Start of LISTED ENTRIES

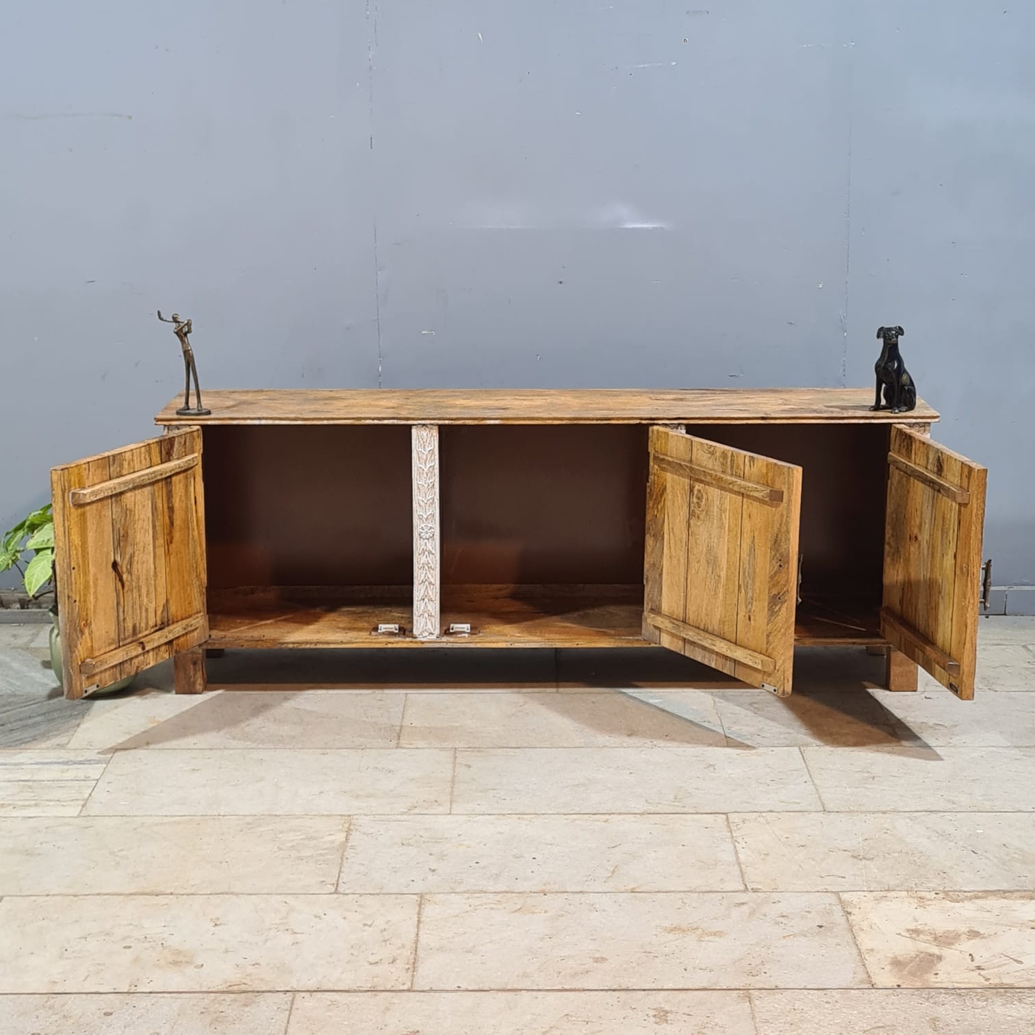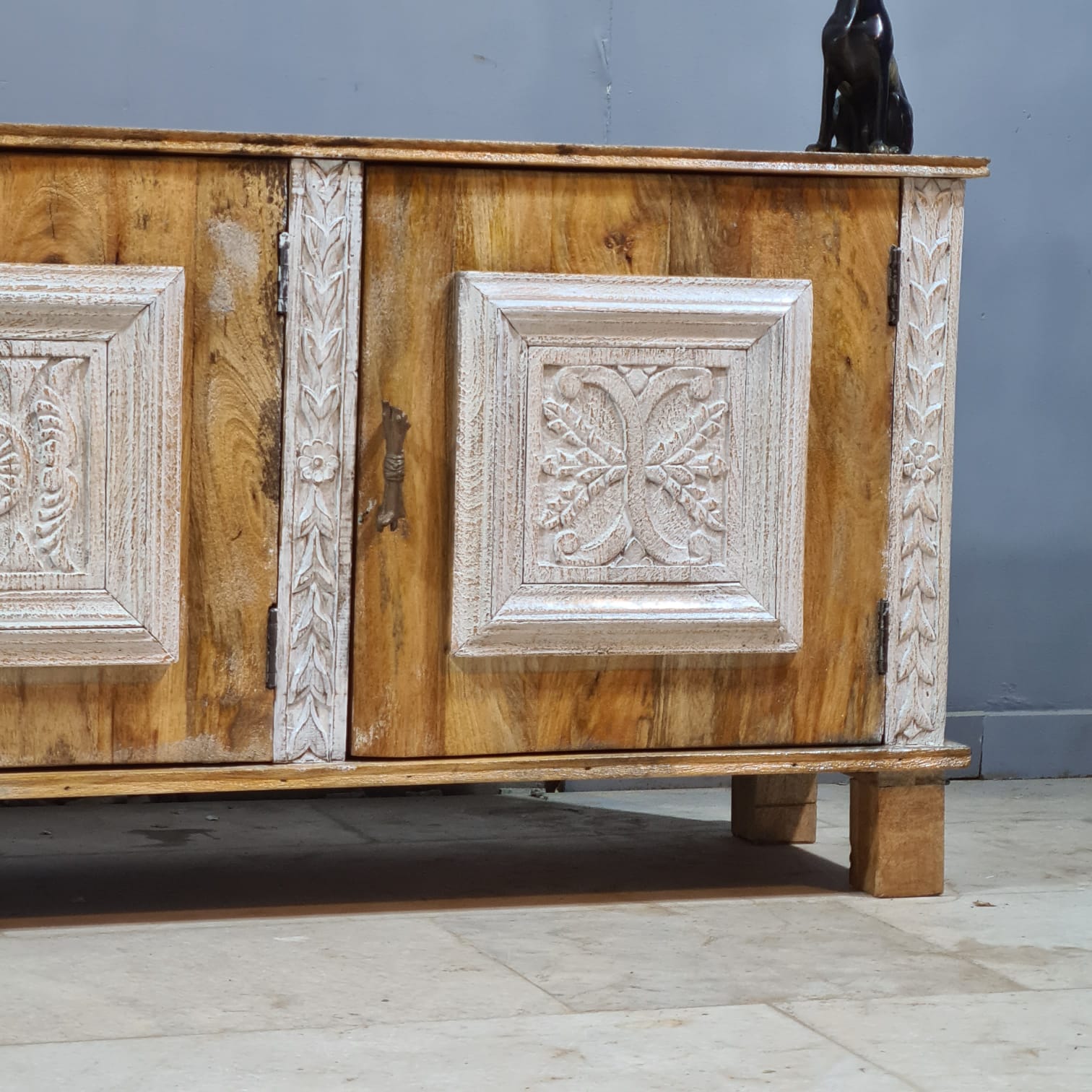 Indian Hand Carved Solid Hard Wood TV Unit 180x40x75 cm
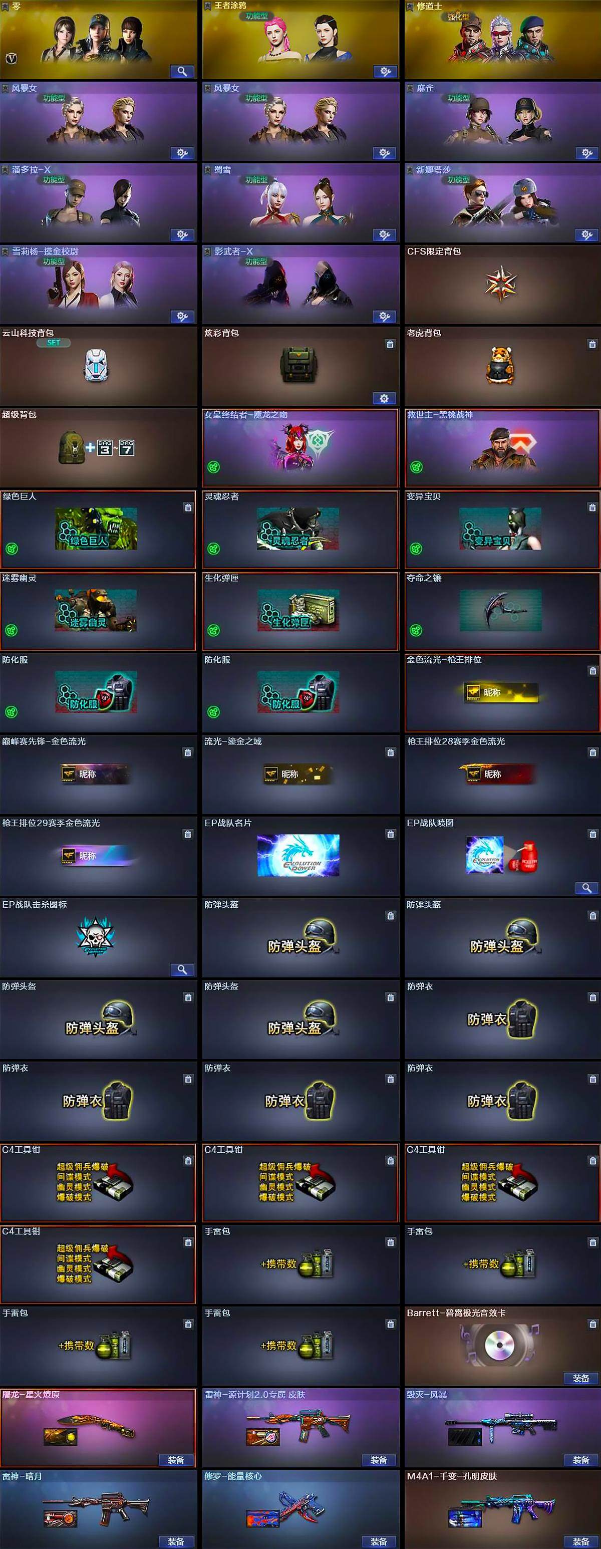 【道具】:CFS限定背包,云山科技背包,炫彩背包,老虎背包,超级背包,女皇终结者-魔龙之吻,救世主-黑桃战神,绿色巨人,灵魂忍者,变异宝贝,迷雾幽灵,生化弹匣,夺命之镰,防化服*2,金色流光-枪王排位,巅峰赛先锋-金色流光,流光-鎏金之域,枪王排位28赛季金色流光,枪王排位29赛季金色流光,EP战队名片,EP战队喷图,EP战队击杀图标,防弹头盔*4,防弹衣*4,C4工具钳*4,手雷包*4
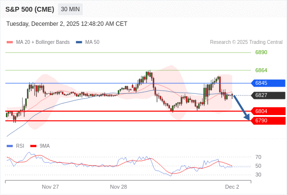 在 6845 之下,看跌,目标价位为 6804 ,然后为 6790 。
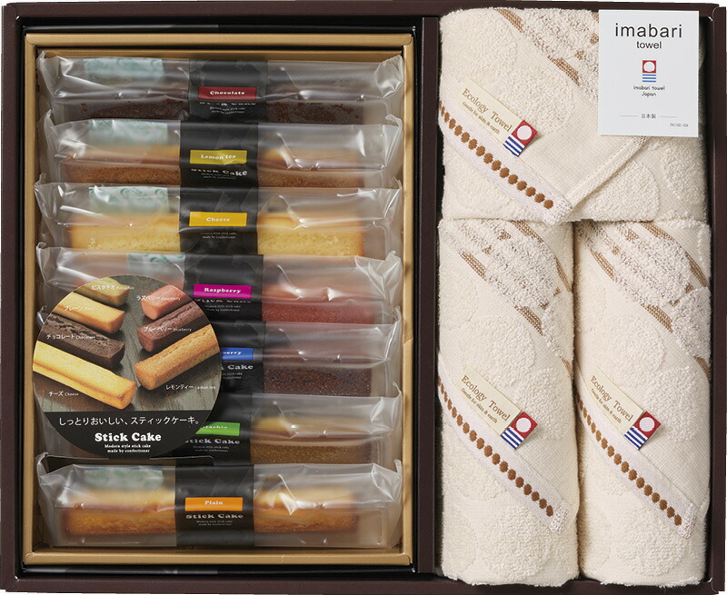 | セット内容 | スティックケーキ(プレーン・チョコ・ラズベリー・ブルーベリー・チーズ・ピスタチオ・レモンティ)×各1、フェイスタオル(34×80cm)×2、ウォッシュタオル(34×35cm)×1 |
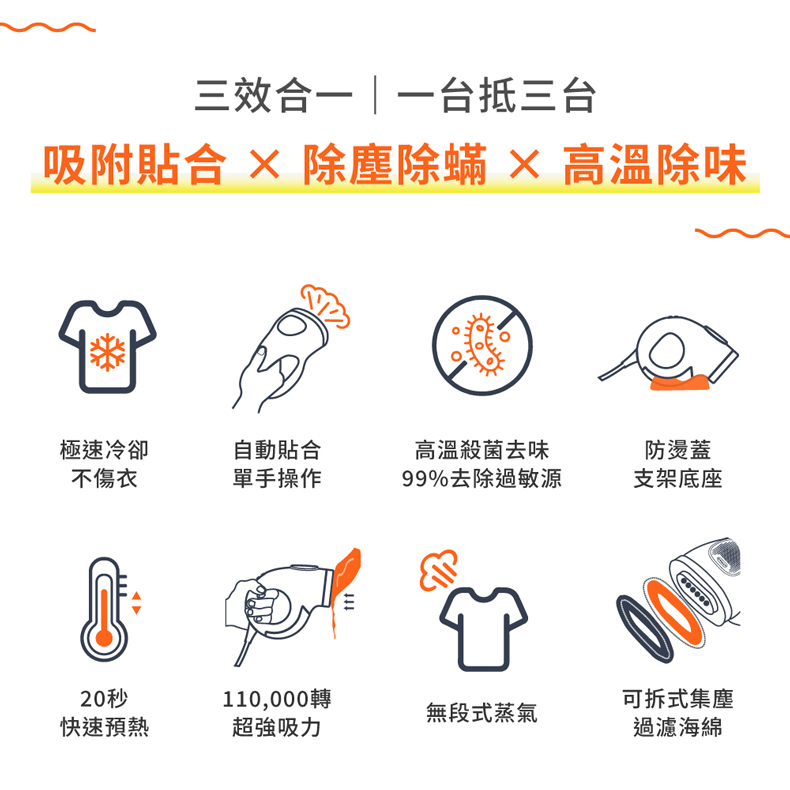 🔸三效合一 (吸附貼合、除塵除螨、高溫除味)
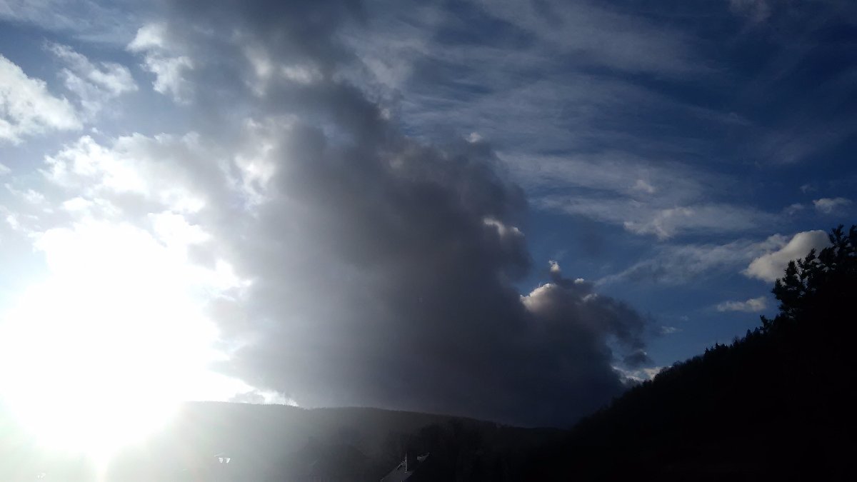 Přechodné protrhávání oblačnosti se slabými přeháňkami, tlak 1000,7 hPa, Z vítr 6-13 m/s.

End of LISTED ENTRIES

YOUR OBJECTIVE: Reproduce the records above exactly, but only from the line containing "在 6845 之下,看跌,目标价位为 6804 ,然后为 6790 。" through the last line, both included, and without any pictures.

RESPONSE BOX:
 在 6845 之下,看跌,目标价位为 6804 ,然后为 6790 。
 | セット内容 | スティックケーキ(プレーン・チョコ・ラズベリー・ブルーベリー・チーズ・ピスタチオ・レモンティ)×各1、フェイスタオル(34×80cm)×2、ウォッシュタオル(34×35cm)×1 |
 🔸三效合一 (吸附貼合、除塵除螨、高溫除味)
 Přechodné protrhávání oblačnosti se slabými přeháňkami, tlak 1000,7 hPa, Z vítr 6-13 m/s.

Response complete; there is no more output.